AS WE get older it is wise to measure our activities in the light of limited time. I have just wasted precious hours on reading Martin Amis' The Pregnant Widow. At Hay recently Amis bemoaned the fact that he had become a grandfather, something about the call of the graveyard or similar pessimistic nonsense. When I see my grandchildren, four this week, I scan their eager little faces and wild, confident eyes searching for signs of myself in them. Rather than the tolling of bells I seek immortality through them.

Returning from a fearsome day at work my son was greeted by a worried and precocious Stanley. "I need help with my spellings," he cried. Keen to be needed, my son asked which words. "Spaghetti, broccoli and diarrhoea." Excusing himself for the moment he learnt the lesson that you need to be able to spell in order to use a dictionary. Returning, his heart sank when Stanley greeted him with: "and another one...." To be trounced by a four year old is par for the course he will find.
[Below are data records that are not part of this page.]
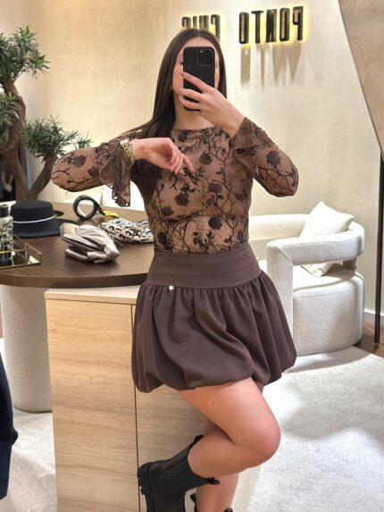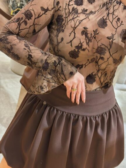BLUSA CASTANHA COM FLORES PONTO CHIC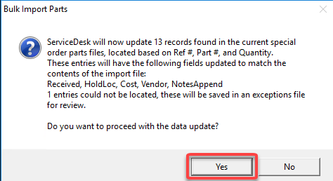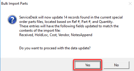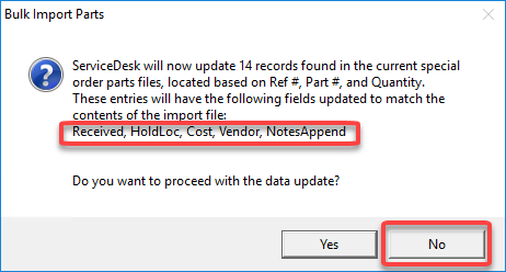 As this process updates part statuses, if the last part for any particular job is marked as received, ServiceDesk will pause the import process to ask the user how they would like to proceed with updating or changing the job status and notifying the customer.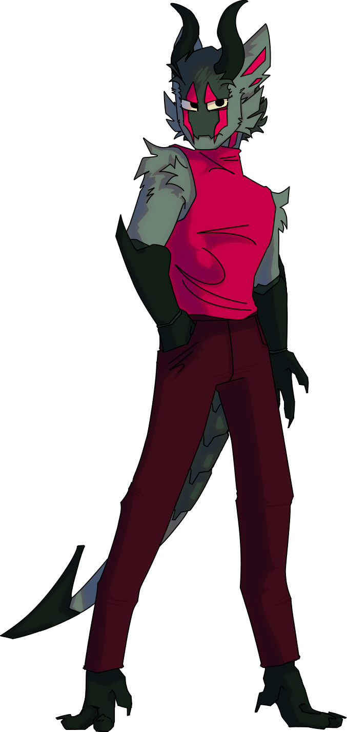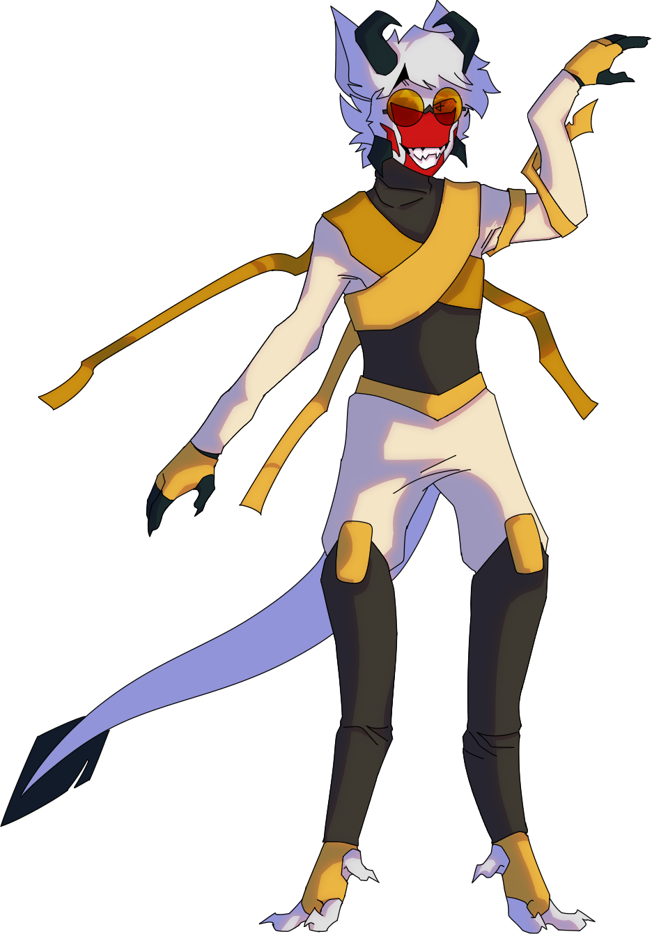 Description: Do you ever look back at something you admired and go "hey, wait, this is actually terrifying in retrospect"? Yeah, that's Brand's opinion of this dude. It's fairly public knowledge that his direct ancestor ended several paragon lineages by fusing with them and dying in the process (yes that's absolutely horrifying to think about). Vinylcheck is, in his own words, a way better person than his good-for-nothing ancestor and fights evildoers, but he's still a reasonably shady cadel.

I have the most tenuous understanding of anyone under 50 and not much over that. Take Glastonbury. My youth was about rebellion and drama but, above all, about secrecy. We marched and argued and generally wanted to be different from any other generation. Once Glastonbury cost a pound and you got a glass of milk free. And a lot else. Now the BBC sends 850 reporters to cover the event and Paul McCartney and every respectable performer headlines. For £8,000 you can rent a luxurious tent for two for three days, complete with Egyptian cotton sheets and a plumbed-in bathroom.

If the young still wish to shock their elders then this piece of information certainly did it for me. Surely one of the beauties of youth is that you don't need to worry about plumbing or spelling.

With so much talk of young German footballers I was reminded of an elderly friend of my mother who was sent a German prisoner of war to help with her garden. He was young and charming. It wasn't until long after he left that in April 1946 the crocuses came up in her lawn and spelled out, 'Heil Hitler'.